The Monetary Policy Committee (MPC) of the Bank of England produces fan charts of forecasts for Consumer Price Index (CPI) of inflation and Gross Domestic Product in their quarterly Inflation Reports. Alongside the fan charts, the Bank of England provides data, in the form of central location, uncertainty and skewness parameters of a split-normal distribution that underlie their fan charts.2 The probability density of the split-normal distribution is given by Julio (2007)3 as,
\[f(x; \mu, \sigma_1, \sigma_2) = \left\{ \begin{array}{ll} \frac{\sqrt 2}{\sqrt\pi (\sigma_1+\sigma_2)} e^{-\frac{1}{2\sigma_1^2}(x-\mu)^2} & \mbox{for } -\infty < x \leq \mu \\ \frac{\sqrt 2}{\sqrt\pi (\sigma_1+\sigma_2)} e^{-\frac{1}{2\sigma_2^2}(x-\mu)^2} & \mbox{for } \mu < x < \infty \\ \end{array}, \right.\]
where \(\mu\) represents the mode, and the two standard deviations \(\sigma_1\) and \(\sigma_2\) can be derived given the overall uncertainty parameter, \(\sigma\) and skewness parameters, \(\gamma\), as;
\[\sigma^2=\sigma^2_1(1+\gamma)=\sigma^2_2(1-\gamma).\]
Functions for the probability density, cumulative distribution, quantiles and random generation for the split-normal distribution can be found in the fanplot package.
The boe data frame provides historical details on the
forecasts of the MPC for CPI inflation between Q1 2004 to Q4 2013.
> head(boe)
time0 time mode uncertainty skew
1 2004 2004.00 1.34 0.2249 0
2 2004 2004.25 1.60 0.3149 0
3 2004 2004.50 1.60 0.3824 0
4 2004 2004.75 1.71 0.4274 0
5 2004 2005.00 1.77 0.4499 0
6 2004 2005.25 1.68 0.4761 0
The first column time0 refers to the base year of
forecast, the second, time indexes future projections,
whilst the remaining three columns provide values for the corresponding
projected central location (\(\mu\)),
uncertainty (\(\sigma\)) and skew
(\(\gamma\)) parameters:
Bank of England style fan charts vary from quarter to quarter but
follow a similar theme throughout, which can be replicated in R using
the fanplot package. The input data given to a fan
function to plot a fan chart differs from the simulations of the
previous section. Rather than many simulations from distributions in
each time period we can pass a “matrix” object of time ordered values
from the split-normal quantile function.4 As is the case for
passing simulated values to the fan function, rows of the
data object represent a set of user defined probabilities and columns
represent a set of time points.
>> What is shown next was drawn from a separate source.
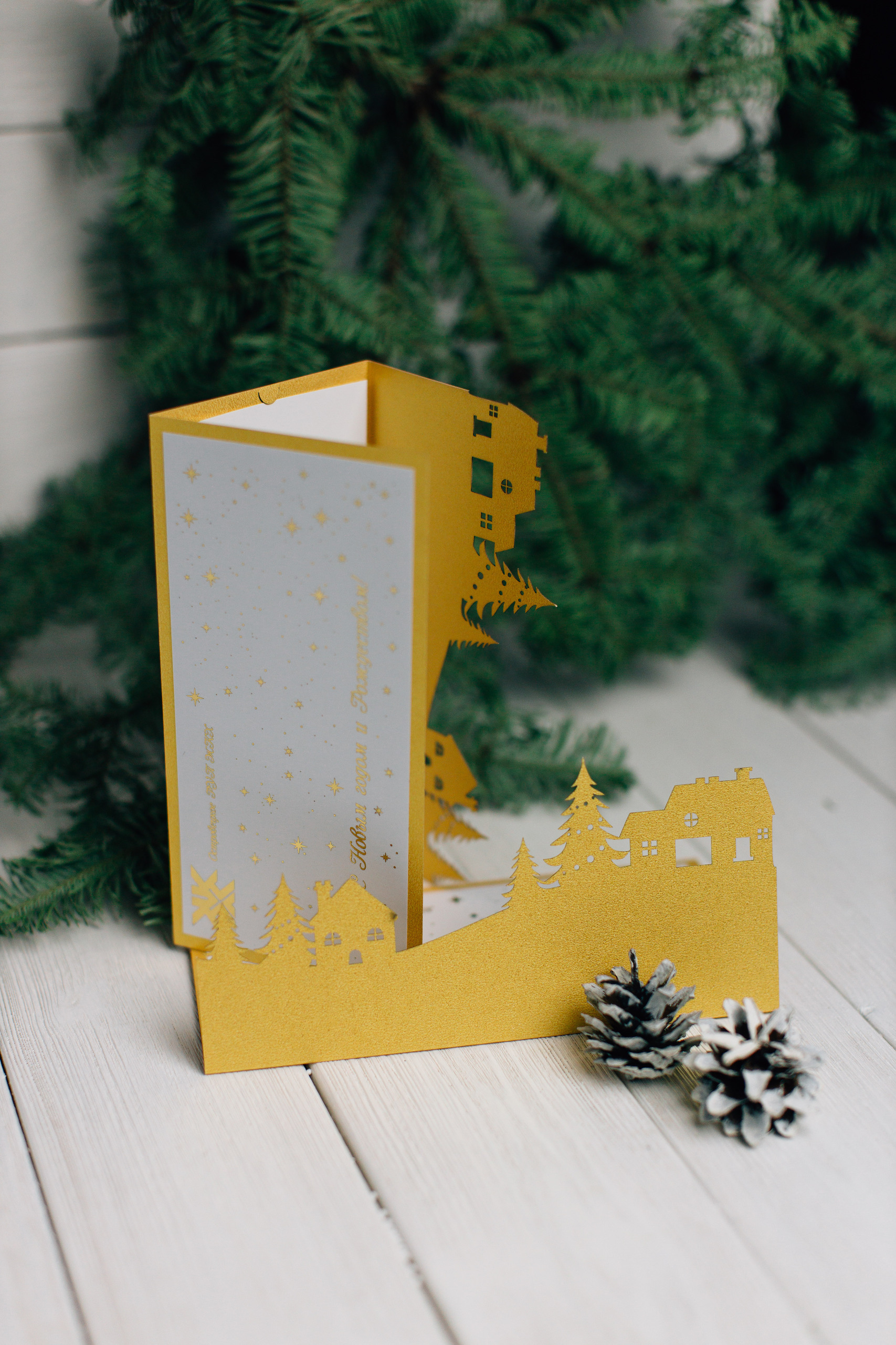Открытка в 3 сложения. Выполнена на плотной дизайнерской бумаге

For example, in the code below, a subset
of the Bank of England future parameters of CPI published in Q1 2013 are
first selected. Then a vector of probabilities related to the
percentiles, that we ultimately would like to plot different shaded fans
for, are created. Finally, in a for loop, the
qsplitnorm function calculates the values for which the
time-specific (i) split-normal distribution will be less
than or equal to the probabilities of p.
# select relevant data
y0 <- 2013
boe0 <- subset(boe, time0 == y0)
k <- nrow(boe0)
# guess work to set percentiles the boe are plotting
p <- seq(0.05, 0.95, 0.05)
p <- c(0.01, p, 0.99)
# quantiles of split-normal distribution for each probability (row) at each future
# time point (column)
cpival <- matrix(NA, nrow = length(p), ncol = k)
for (i in 1:k)
cpival[, i] <- qsplitnorm(p, mode = boe0$mode[i],
sd = boe0$uncertainty[i],
skew = boe0$skew[i]) #$
The new object cpival contains values evaluated from the
qsplitnorm function in 6 rows, for our selected
probabilities used in the calculation p, and 13 columns for
successive time periods for which the MPC provide future parameters.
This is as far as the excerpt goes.